Mirecki, chairman of the department of religious studies, said in a statement that he withdrew the course because of public controversy about e-mails he had posted on a yahoo.com list server since 2003. The list server was a discussion board for the Society of Open-Minded Atheists and Agnostics, the 121-person student group for which Mirecki serves as faculty adviser.

"My concern is that students with a serious interest in this important subject matter would not be well served by the learning environment my e-mails and the public distribution of them have created," he said in the statement. "It would not be fair to the students."

The class made national news when a Nov. 19 e-mail Mirecki wrote was disseminated to politicians and news organizations in which he referred to religious fundamentalists as "fundies" and said his class would serve as "a nice slap in their big fat face."

Older e-mails came to light when National Review, a conservative political magazine, published excerpts from Mirecki's past e-mails on Wednesday.
National Review printed one e-mail excerpt that was Mirecki's detailed description of starting to vomit after swallowing the Eucharist at a Catholic church service as a child because of the idea that he had swallowed the flesh of Jesus.

Chancellor Robert Hemenway issued a statement in which he said Mirecki made the right decision in withdrawing the course and called Mirecki's e-mail comments "repugnant and vile."

"He has a right to free speech, but he has to realize the revelation of his past e-mails has tainted the environment for his course," he said. "He insulted both our students and the University's public, and he misrepresented beliefs of KU's faculty and staff."

Hemenway said the subject matter of Mirecki's class had no bearing on the withdrawal of the course.

"This unfortunate episode does not in any way diminish our belief that the course should be taught," he said. "It is the role of the University to take on such topics and to provide the civil, academic environment in which they can be honestly examined and discussed."

Andrew Stangl, president of SOMA, said the remarks that appeared in National Review were taken out of context by people searching through Mirecki's past posts with the intent of showing that he was biased against Christianity and unfit to teach a class on intelligent design.

"This shows the dedication they're going to, to ruin or discredit Dr. Mirecki," he said. "We had assumed the comments were between the list serve."
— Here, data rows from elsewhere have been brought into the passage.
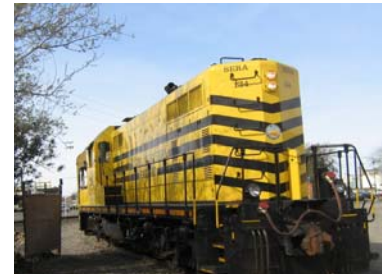
Sacramento River Dinner Train
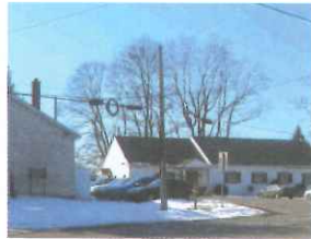
July 16, 2009 VILLAGE OF ERCILDOUN: ON THE ROAD TO FREEDOM 5
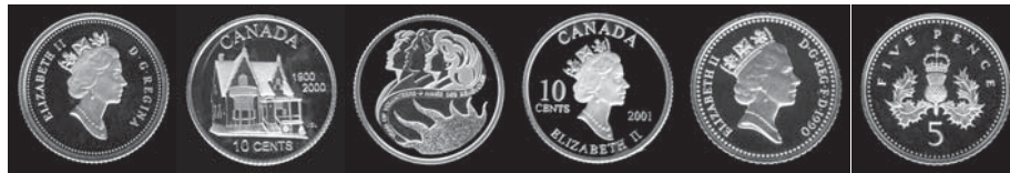
Canada and Great Britain NCLT
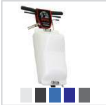
4.5 Gallon Solution Tank 5 Stock Colors 4 Special Order Colors #A0001-4-Color
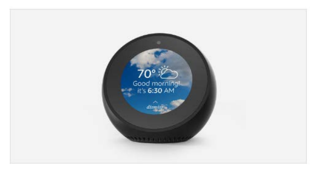
Amazon Echo Spot (2.5" screen): $129
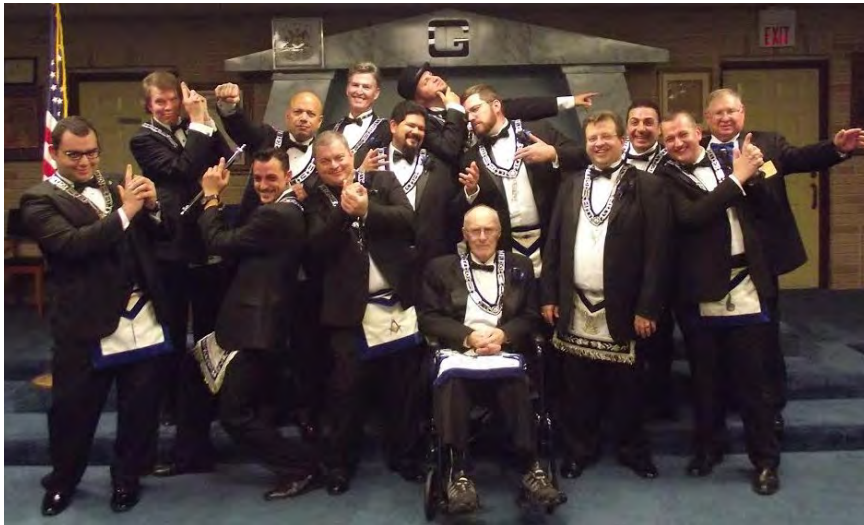
Our 2017 Officers getting a bit goofy
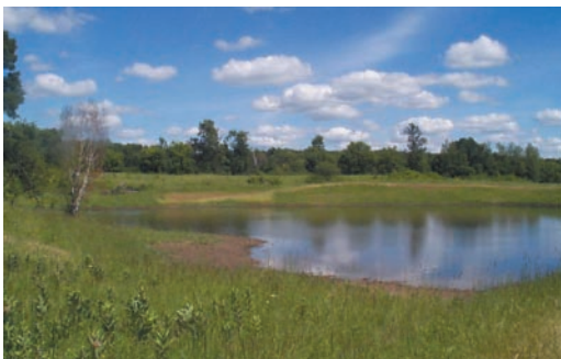
Dry Creek Sediment Basin
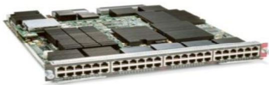
Figure 1. Cisco Express Forwarding 720 10/100/1000 Interface Module (part number WS-X6748-GE-TX) with Distributed Cisco Express Forwarding Daughter Card (part number WS-F6700-DFC3)

1 Queues Legend: 1p3q1t = 1 priority queue, 3 round robin queues, 1 threshold
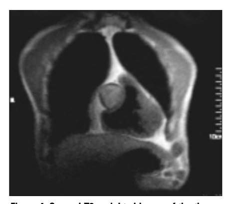
Figure 4. Coronal T2-weighted image of the thorax demonstrates the large spherical mass

subsequent vessel occlusion, distal thromboembolization or even myocardial infarction (4). The aneurysm may also present as an intracardiac mass once it is thrombosed (5). New imaging techniques as MSCT and MRI are going to be well-established and widely used methods to evaluate such abnormalities nowadays.
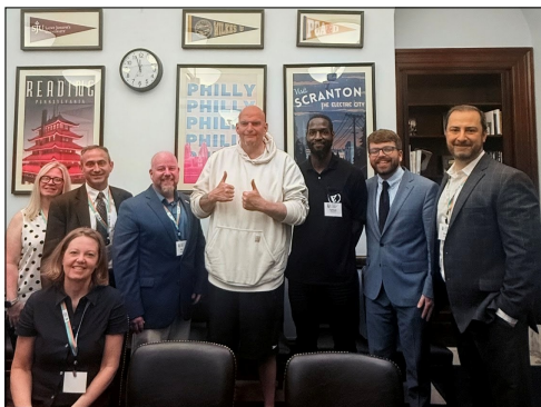
Trust for Public Land, Senator Fetterman

State Rep. Brenda Landwehr (R-Wichita), vice chairwoman of the Kansas House of Representatives appropriations committee, said the incident called into question the integrity of the University. She said legislators would likely discuss the class when they return to session Jan. 9.

"I still think the University should be accountable, both the chancellor and the professor, to respond to legislators during the session about this course or any other courses there are issues with," she said.

Comments:
In response to e-mails regarding the treatment of this issue on other blogs:

As a matter of policy, we do not link to other blogs except in circumstances where we quote extensively. We do not engage in exchanges with other blogs, and we try not to duplicate entries.

If other blogs are insulted by our assertion that they falsify quotations in their posts, so be it. The tactic of falsifying other people's statements and then providing links to them may fool the gullible into a sense of probity, but it does not fool anyone who has writtten a passing term paper for a freshman composition course. Accurate paraphrase and integrity in using quoted material is a standard.

Falsification of other quoted materials is a standard practice among the neo-regressives. Their purpose is not to engage in productive debate, but to malign people through the misrepresentation of quoted materials. As for the blogs mentioned in the e-mails, the Press Project and another project at Stanford have payed close attention to the practice of falsification in some South Dakota blogs, along with others. The results of their studies are to be released shortly.